O Brasil não é dado a filigranas em humor, ao contrário do mito que fantasia um país de humor inteligente e à flor da pele.
Hoje, jovens escritores são sisudos e por isso se imaginam profundos. A ausência de humor parece dar uma dimensão abissal a seus escritos. Já o humor na televisão é um show de horrores. Há confusão entre grosserias, escatologias, constrangimentos e humor.
Pois o humor, como ensinou o filósofo francês Henri Bergson, implica na suspensão temporária da emoção, que deve dar lugar à inteligência. Mesmo as trapalhadas mais simples – um chute que Carlitos desfere nos fundilhos de alguém – exige que a emoção saia de cena. Se me emociono, não sou capaz de rir, penalizado com os fundilhos chutados – logo os fundilhos, essa parte da anatomia humana que guarda toda a dignidade da espécie.
Com isso perdemos a ironia. Levamos tudo ao pé da letra. O politicamente correto, aliás, se beneficia com essa tolice. O politicamente correto, aliás, é uma tolice.

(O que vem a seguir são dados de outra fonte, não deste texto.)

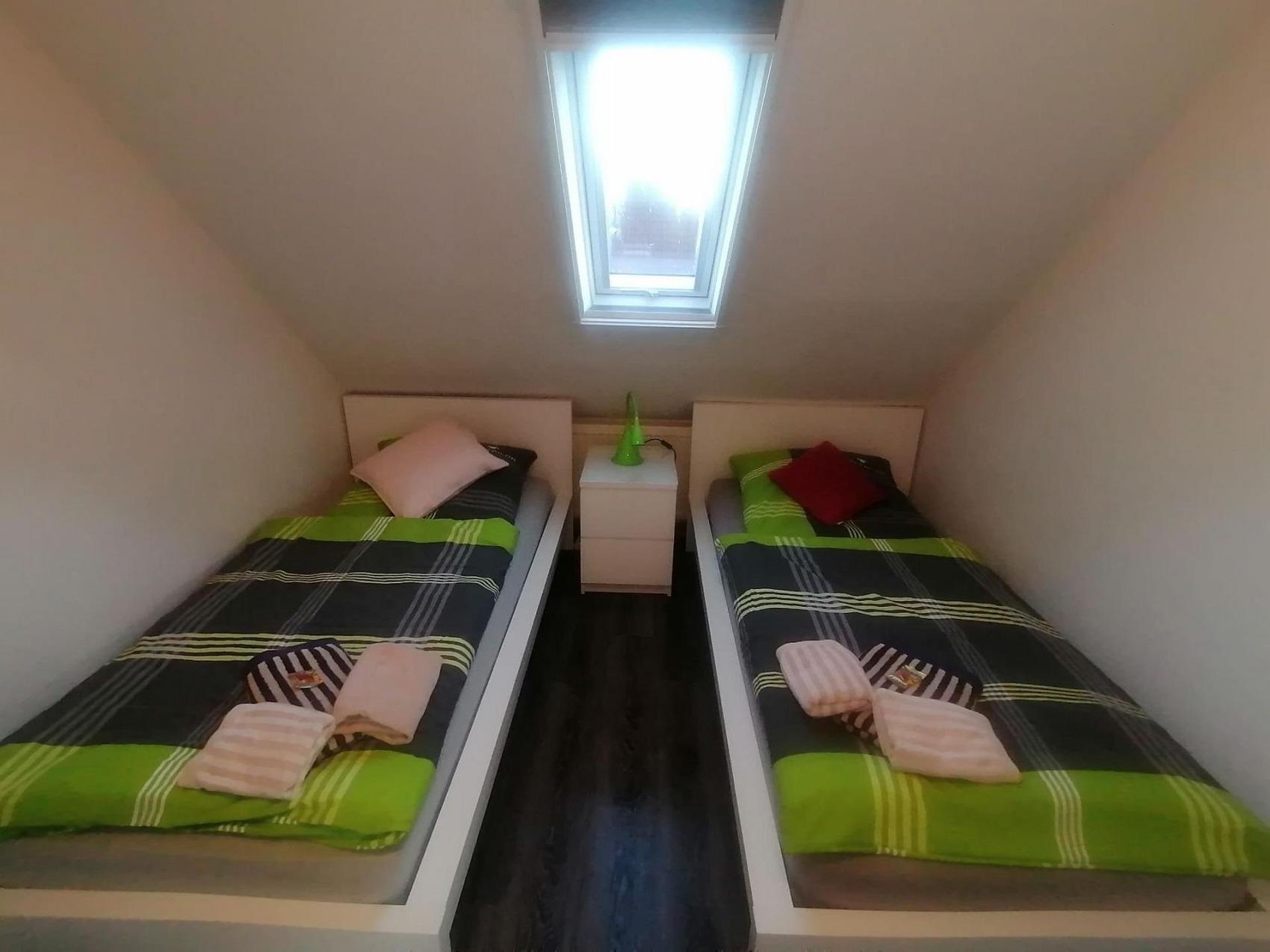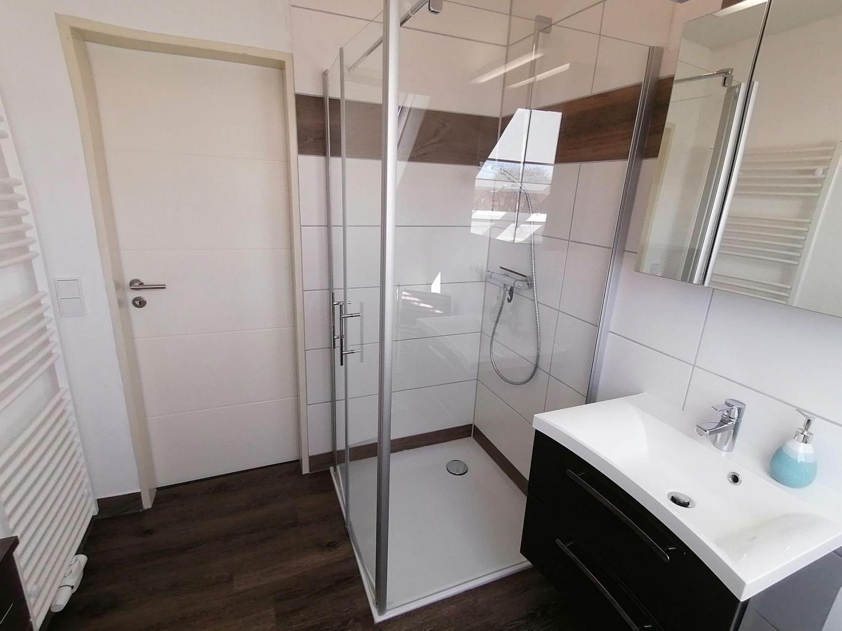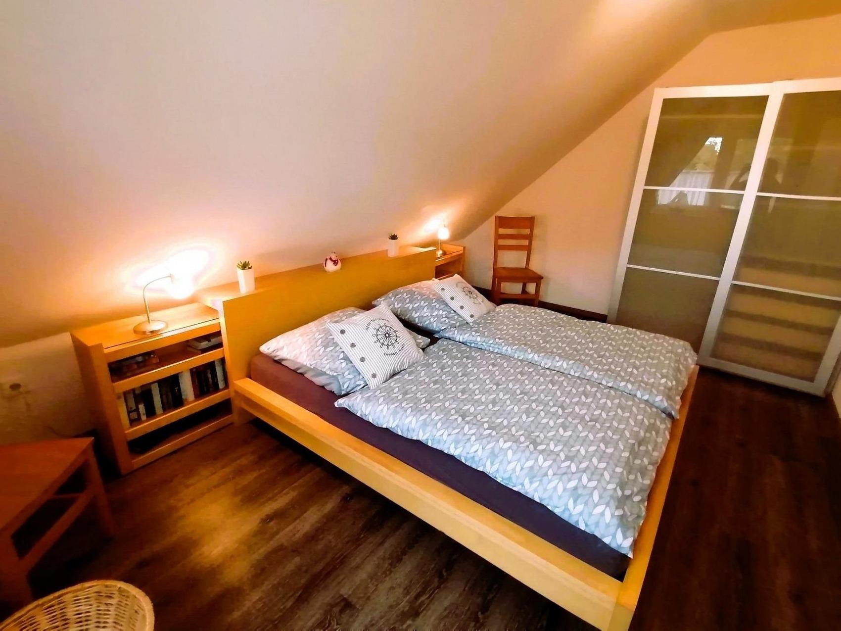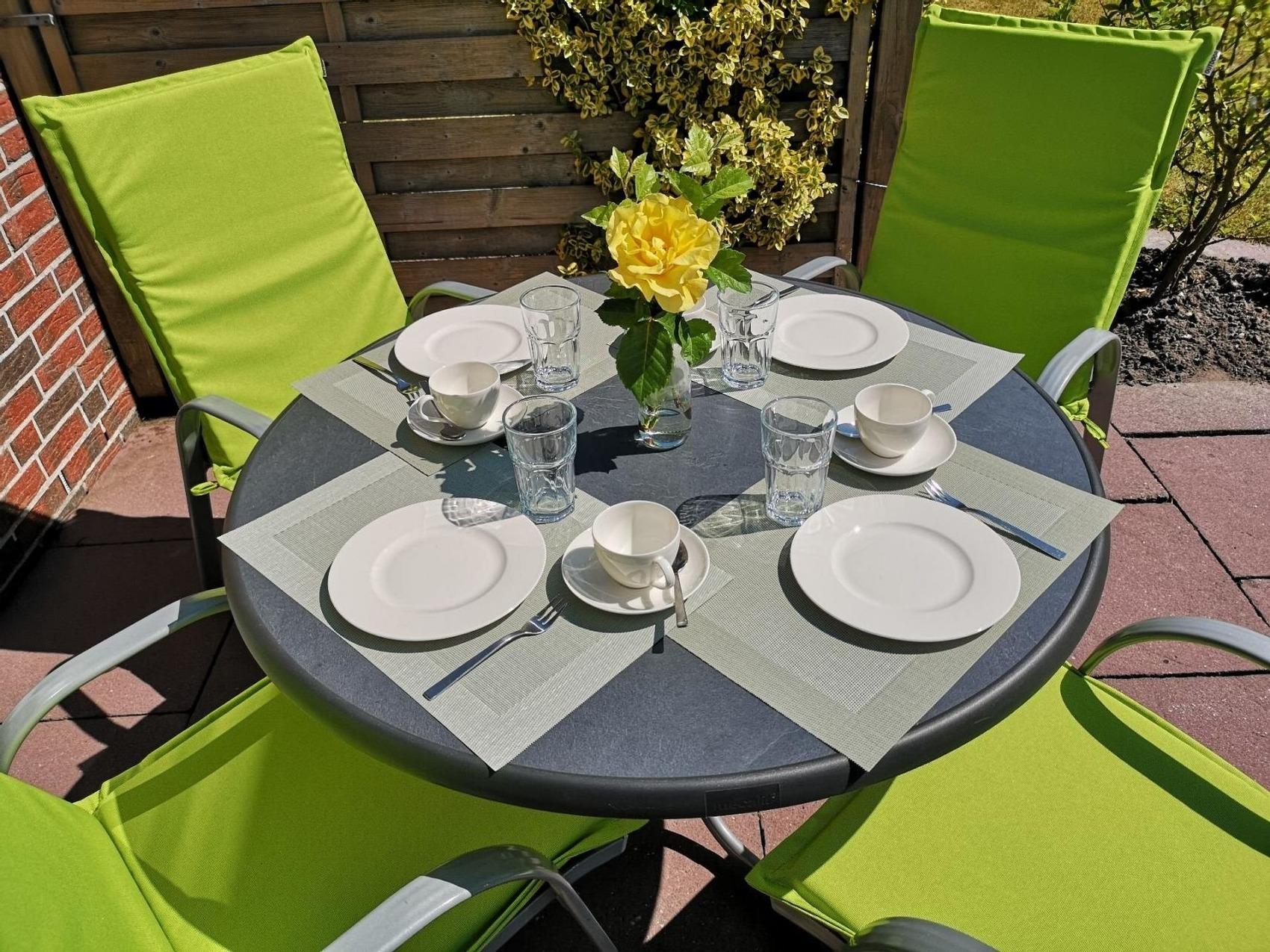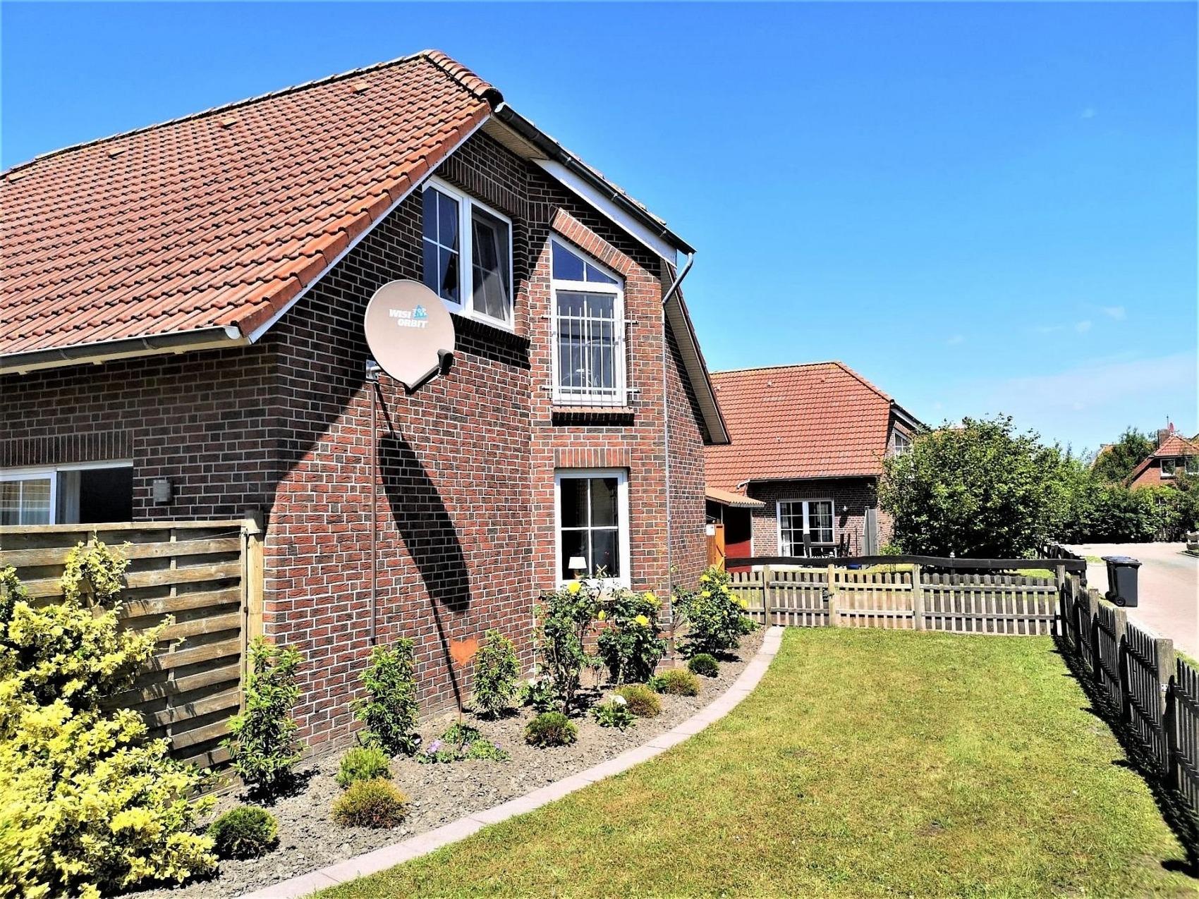 Dieses Ferienhaus bietet Ihnen viel Platz und Ruhe, um einen erholsamen Urlaub mit der ganzen Familie zu verbringen.Das Haus ist durch die großzügigen Fenster, im Wohn- und den Schlafbereichen, hell und freundlich. Das geräumige Wohnzimmer mit Essbereich, und die gut ausgestattete Küche, sorgen für ein angenehmes Wohnambiente.Im Obergeschoss befinden sich 2 Schlafzimmer:1 Schlafzimmer mit Doppelbett (90 x 200 cm je Matratze), Nachtkonsolen mit Nachttischlampen, Schiebetüren-Kleiderschrank und Kinderreisebett (ohne Matratze).1 Schlafzimmer mit zwei Einzelbetten (je 90 x 200 cm), Nachtkonsole mit Nachttischlampe, HiFi-Anlage und Kleiderschrank.Im modernen Tageslichtduschbad befindet sich neben dem WC eine fast ebenerdige Dusche, Spiegelschrank, Waschtisch mit Schubladen, Kosmetikspiegel und Fön.Durch die Eingangstür gelangen Sie in den Flur mit Gäste-WC.Im Wohnzimmer befindet sich die offene Küche mit viel Stauraum. Der Esstisch, für bis zu 6 Personen, steht an den Erkerfenstern und lädt zum gemütlichen Essen und Sitzen ein.Auf der Sofalandschaft können Sie verweilen und durch die Terrassentüren Sie in den Garten sehen.Falls Sie sich beim Fernsehen entspannen möchten, stehen Ihnen Flachbild SAT/Kabel TV mit Blue-Ray-Player und Hi-Fi-Anlage zur Verfügung. W-LAN mit Gastzugang (Surfen und E-Mail) und Telefon stehen Ihnen kostenfrei zur Verfügung.In der voll ausgestatteten Küche finden Sie:GeschirrspülmaschineKühlschrank mit GefrierfachMikrowelleCeran Kochfeld mit BackofenKaffeemaschineSenseo PadmaschineWasserkocherToasterWaffeleisenMixerBack-UtensilienAuf der Terrasse (Süd-West-Richtung) können Sie an entspannten Tagen und Abenden die Sonne genießen. Gartenstühle mit Auflagen, Sonnenliegen, Sonnenschirm und ein Grill stehen Ihnen zur Verfügung.Im Terrassenabstellraum steht auch eine Waschmaschine die Sie nutzen können.Inklusivleistungen:Endreinigung, Nebenkosten, W-LAN, Parkplatz, abschließbarer FahrradraumBettwäsche und Handtücher können gerne gegen eine Gebühr zur Verfügung gestellt werden.Wäschepaket: Bettwäsche & Handtuchpaket (1 Duschtuch/2 Handtücher) pro Person 35,00 Euro.Der Kurbeitrag und ggfls. geliehene Wäsche werden vor Anreise auf das Eigentümerkonto überwiesen.

Um caso emblemático vitimou Agripino Grieco, crítico literário impiedoso. Aliás, a triste ironia é que Agripino está hoje apagado da memória nacional, sendo que as nulidades que ele combatia continuam presentes. Podia ser justo ou injusto, mas era sempre sagaz e contundente. Provocador, dizia que Guimarães Rosa escrevia em húngaro. Devo dizer que não concordo com a tirada de Agripino, mas convenhamos que ela é hilariante.
Tanto quanto sua frase sobre o estilo de certo escritor, que seria “mais engomado do que irmã de caridade”. Ou sobre políticos em debates: “insultavam-se mutuamente, e ambos tinham razão”.
Pois certa ocasião Agripino, atuante na crítica em jornais, recebeu, enviado pelo marido da autora, um livro de poemas. Os poemas eram péssimos. Versos derramados e frouxos. Coisa de quem não lera nada de importante ou não entendera coisa alguma.
Agripino, de molecagem, escreveu sobre esses poemas capengas coisas do tipo: trata-se de uma obra rara; desde Camões não se publicou nada igual; achados que não encontramos em Dante ou Shakespeare. Cumulou o livro com supostos elogios e com isso se divertiu muito.
Foi quando se deu o caso. Não demorou e o tal livro aparecia em segunda edição, lançada pelo marido, que funcionava como editor. E lá estava, a título de prefácio, o texto de Agripino, salpicado de Shakespeare, de Dante e de Camões. A ironia não foi percebida e o texto foi tomado ao pé da letra.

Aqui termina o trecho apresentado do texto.